Not so these days. Fluidity is the rule. These days the multiplicity of meanings of the once-simple concept of “membership” is tearing British Leavers and Remainers apart and bewildering everyone else. And the dichotomy between “hard” and “soft” Brexit barely scratches the surface of that complexity.
So, when Charlie Flanagan asks that in the Brexit negotiations the EU treats Northern Ireland as a special case, when MEP Brian Hayes talks about "associate membership" for the region, when the SDLP asks for a "unique legal status" for the North, or Jeffrey Donaldson of the DUP says he is looking for a special deal for the island that would allow free movement of people and goods, none are breaking entirely new EU ground.
Half-way house
Nor indeed is the SNP leader and Scottish First Minister
Nicola Sturgeon
when she suggests
Scotland
could be accommodated in a half-way house akin to Norway’s membership of the single market outside the EU (in the European Free Trade Association) while the rest of the UK adopts a “hard” Brexit.
Her proposal, which her former leader, Alex Salmond, recently touted heavily while on a Dublin visit as a model for the North (and even for London and Gibraltar), dovetails neatly with Irish interests in ensuring that our Border remains as permeable and soft as it has been. The difficult borders then become those between Scotland and England, and England/Wales and Ireland, while Ireland, North and South, and Scotland would retain free travel and trade between them.
Arguably the most profound qualitative change in the architecture of the EU in the last two decades, comparable in significance to its massive enlargement and the creation of the euro, is the embrace of a new method of construction: what has been variously known as “variable geometry” or in the 1997 Amsterdam treaty, a system of “enhanced co-operation”.
In essence, the idea that member-states can integrate at their own pace, picking and choosing the bits that they want, allowing the most enthusiastic to forge ahead as others catch up at their own speed. Or never catch up at all.

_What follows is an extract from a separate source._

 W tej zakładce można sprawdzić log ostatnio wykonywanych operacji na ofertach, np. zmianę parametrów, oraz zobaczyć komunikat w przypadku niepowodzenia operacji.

The UK, for example, opted out of the euro, social policy (at one stage), Schengen, and justice co-operation, while Ireland maintains its reserve on defence.

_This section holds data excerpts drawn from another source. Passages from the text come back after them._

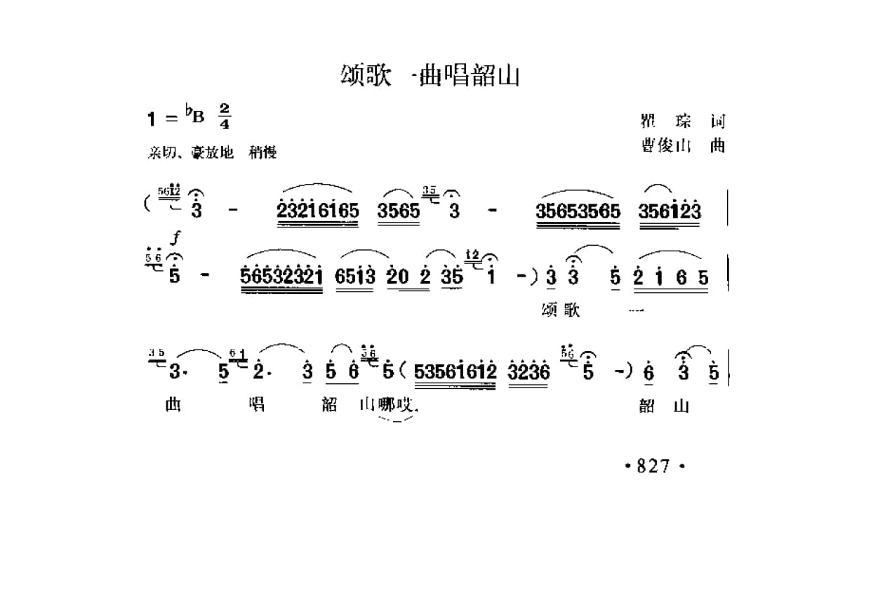 名称:颂歌一曲唱韶山 翟琮词 曹俊山曲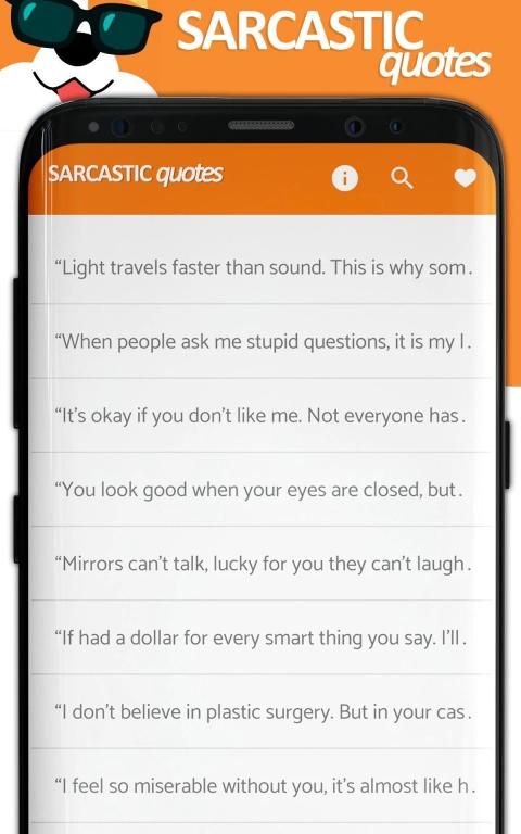 Are you looking for some free apps? 20,000+ users downloaded Best Sarcastic Quotes latest version on 9Apps for free every week! A lot of functions and features are contained in this app. This hot app was released on 2019-01-12. I will tell you how to use this app in the following page.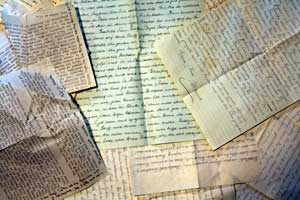 90 Prozent der Papiermassen in Lottes Wohnung sind Briefe. Briefe, Briefe, Briefe. Geschrieben auf durchscheinendem dünnen Schreibmaschinenpapier DIN A 4, einzeilig, alle auf Postkartengröße gefaltet oder auf ebenso dünnen Luftpostkuverts – diese Sorte, wo Brief und Umschlag eins sind und nach dem Schreiben gefaltet und zugeklebt werden. Die Briefe hat sie eng zusammen gequetscht in kleinen Kisten aufbewahrt und wahrscheinlich nie wieder angesehen. Allein den Inhalt von den Umschlägen zu trennen und die Luftpostbriefe aufzufalten, dauert Stunden. Den allergrößten Teil davon hat Lotte selbst (sie bewahrte die Durchschläge ihrer Briefe auf) an ihre Mutter Grete oder diese an sie geschrieben.

The psychological shift in ending what was feeding integration gridlock was crucial, as The Economist wrote of the UK: "As one former minister puts it, the old policy was to drive in the fast lane but as slowly as possible, holding everybody else back. Now the [UK]government is happy to pull over and let the others accelerate away, especially if that is deemed necessary to shore up the euro."
Multiple forms
Externally the union developed multiple forms of association, from complete access to the single market and the “four freedom” for Efta states, to bilateral agreements that set out a path to eventual EU membership with a gradual harmonisation of rules, or to simple classic trade agreements. The formal line between various forms of membership and various forms of non-membership is a place at the European Council’s decision-making table.
But even that distinction is blurred. Norway, for example, negotiates with the EU through Efta on how it should amend its laws to conform with the single market. Rules are not simply handed down from Brussels. And it pays in to the EU budget on a scale comparable to member states – its annual access-to-the-single-market bill currently runs to 86 per cent of the UK per capita net contribution.
The EU’s variable geometry consists in a wide and expanding range of types of membership and external association, and encompasses a wide range of decision-making/negotiating regimes that devolve authority to member states, citizens (through “subsidiarity” principles enshrined in treaties), and to sub-state entities like regions, which play a part in a system of shared responsibility in administering their own EU-funded grants.
Recognition of the importance of distinct regional development and self-government is hardwired into the EU architecture, a counterbalance to Brussels and nation-state decision-making hegemony; very much part of the broader notion of variable geometry. So, in principle, the idea of a variegated Brexit in which Brexiting regions go their own separate way to retain closer ties should not be problematic. Nor indeed the idea of regions, as opposed to states, joining Efta, although not yet provided for in its convention.
This, complex as it may be, after all, is the shape of the future EU.